Another important finding is that males with schizophrenia appear to be more susceptible to the PM2.5 component than females. However, the clear mechanism for this gender difference remains unclear. Some scholars have argued that males may be more susceptible to biological risk factors for schizophrenia due to slower prenatal maturation of the cerebral cortex and excessive synaptic pruning during adolescence.61 At the same time, owing to differences in job characteristics, more exposure to outdoor or other high air pollution environments makes males suffer more from the persistent effects of PM2.5.62 Some animal models indicate that estrogen has significant psychoprotective properties, showing that women have milder symptoms and better antipsychotic drug responses.61,63 Not only that, but current evidence suggests that FT3 may likewise have sex-dependent effects, as it has been demonstrated that exposure of male and female mice to THs results in different states of glial cells (activation in males and inactivation in females).57 THs modulate different brain signaling and regulate key genes in a male- and female-specific manner may account for the differences in THs-mediated effects across sexes we have found.64
A primary strength of this study is the provision of the first research evidence of an association between PM2.5 components and schizophrenia. Besides, BKMR and BKMR-CMA were utilized as emerging methods to explore the effects of PM2.5 component mixture exposure on schizophrenia, and the mediating role of THs can provide some implications for future precision interventions. However, several research limitations still cannot be ignored. First, due to differences in environmental emissions, building types, wind speeds, as well as individual indoor and outdoor activities, there may be some differences in the concentrations of specific components between regions, and it is, therefore, unavoidable to introduce an exposure bias by using only the two monitoring stations in Hefei City to represent individual exposure levels. It would be worthwhile to further increase the number and coverage of environmental monitoring stations in the future. Combined with land use information to provide a refined assessment of exposure levels at specific locations. More precise individual monitoring also deserves to be applied in further studies. Second, although repeated measures cover a certain degree of temporal attributes, we have to recognize the limitations of statistically derived mediation effects in making firm causal inferences. Not only that, but we were similarly unable to fully specify the temporal order of THs testing and PANSS assessment for each schizophrenic patient, which somewhat limited our inferences about potential mediating effects. Nevertheless, based on our findings, further cohort or pilot studies to explore the key role of THs in the development of schizophrenia after exposure to PM2.5 and its components are still full of practical implications. Third, although we controlled for confounding factors as much as possible, potentially unknown factors affecting the study results still cannot be ignored.
5. Conclusions
Our study shows that PM2.5 and its components (B[a]P, SO42–, NO3–, NH4+, Cl–, Cd, Cr, Pb, Se, and Tl) are associated with the severity of schizophrenia disease, and this association is more pronounced in males. Changes in FT3 and FT4 levels may play a mediating role in the effects of PM2.5 component exposure on schizophrenia. Overall, our findings emphasize the potentially harmful effects of PM2.5 and its components on mental health. Reducing the concentration of harmful PM2.5 components and paying timely attention to changes in TH levels after exposure may be of value in protecting the health of patients with schizophrenia.
Acknowledgments
This study was funded by the National Natural Science Foundation of China (Grant No. 42375184), the Research Funds of Center for Big Data and Population Health of IHM (Grant No. JKS2022011), and the Natural Science Research Key Project of University of Anhui Province (Grant No. 2023AH050652).

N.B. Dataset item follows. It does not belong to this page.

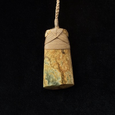 Die Marsden Flower Jade ist eine bei den Schmuckschnitzern der Maori äußerst begehrte und prominente Jade, die so wie bei diesem Taonga durch ihre besondere gelbe Farbgebung auffällt.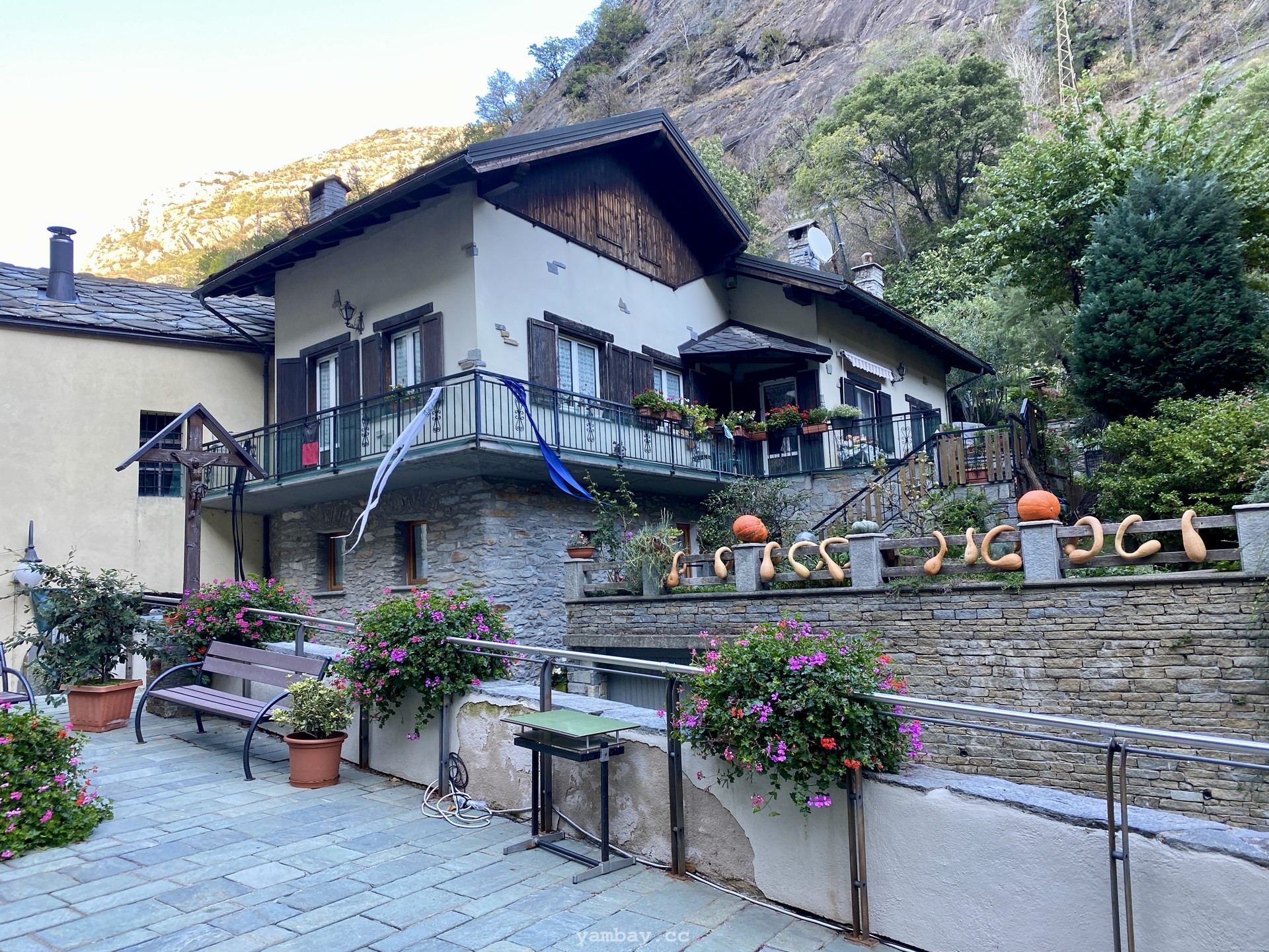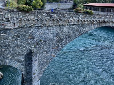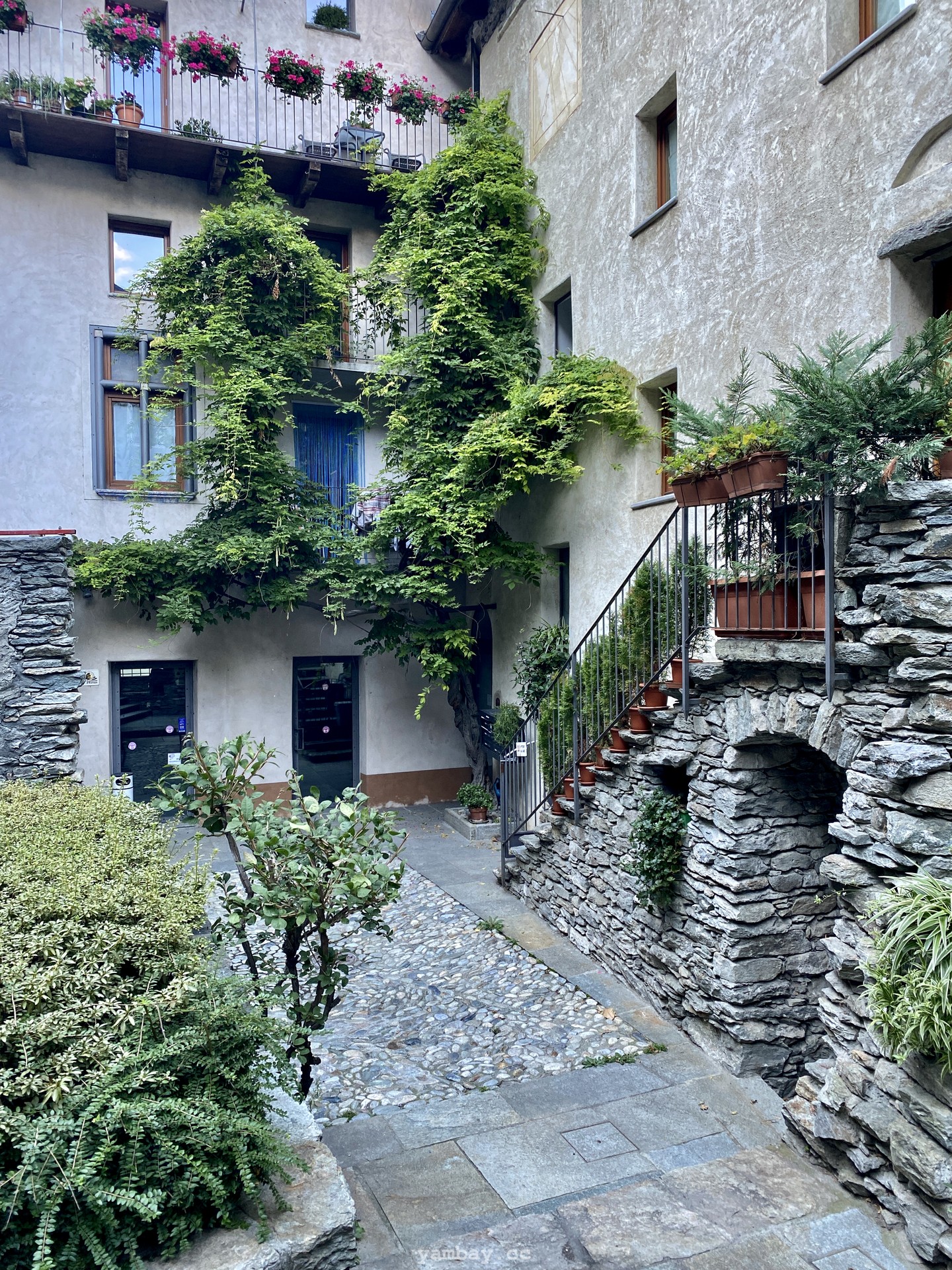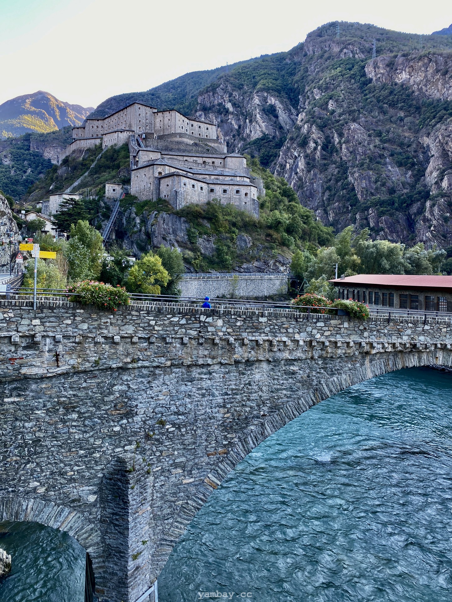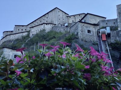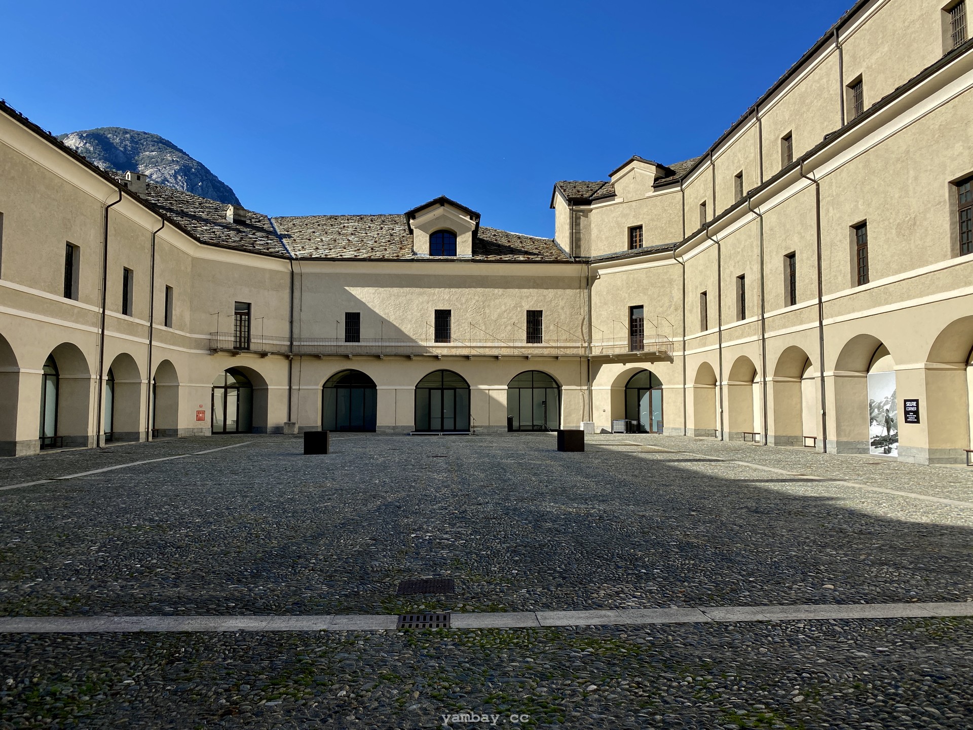 Впечатления усиливают виды из бойниц крепости. Вот под тобой серые крыши деревенских построек. А вот вдали впереди, в конце долины виднеется хребет, где-то слева от которого спрятался Монблан, а справа перевал Сан-Бернардино, соединяющий Италию и Швейцарию. Снежные вершины, зеленые виноградники (да-да! даже виноград там выращивают!), старые каменные домики из грязно-серого камня, современные дома - все это видно из крепости.

Supporting Information Available
The Supporting Information is available free of charge at https://pubs.acs.org/doi/10.1021/envhealth.3c00194.
Sampling and detailed detection methods for PM2.5 components; statistical description of the concentrations of PM2.5 and its constituents and meteorological parameters; association between THs and PANSS scores in patients with schizophrenia; mediating role of thyroid hormones in the effects of single component exposure on schizophrenia; results of sensitivity analysis; location of ambient air pollution monitoring stations in Hefei and distribution of study subjects; correlation analysis between environmental exposure variables; estimates (βs) and 95% CIs of thyroid hormones for schizophrenia patients according to each IQR increase in PM2.5 and its components (PDF)
Author Contributions
The contributions of the two corresponding authors are equal. The study was jointly completed by School of Public Health at Anhui Medical University and Anhui Mental Health Center. Prof. Xulai Zhang’s group conducted the field work and collected the data, and Prof. Hong Su’s group conducted the data analysis and manuscript writing. Jintao Liu, Song Rong: Conceptualization, Methodology, Data curation, Formal analysis, Writing - original draft, Writing - review and editing; Xuanxuan Li, Li Liu: Data curation, Formal analysis, Visualization, Writing - review and editing; Ning Wei, Jiajun Yuan: Formal analysis, Methodology, Data curation, Writing - review and editing; Weizhuo Yi, Rubing Pan, Jian Cheng: Writing - review and editing; Xulai Zhang, Hong Su: Supervision, Conceptualization, Validation, Writing - original draft, Writing review and editing.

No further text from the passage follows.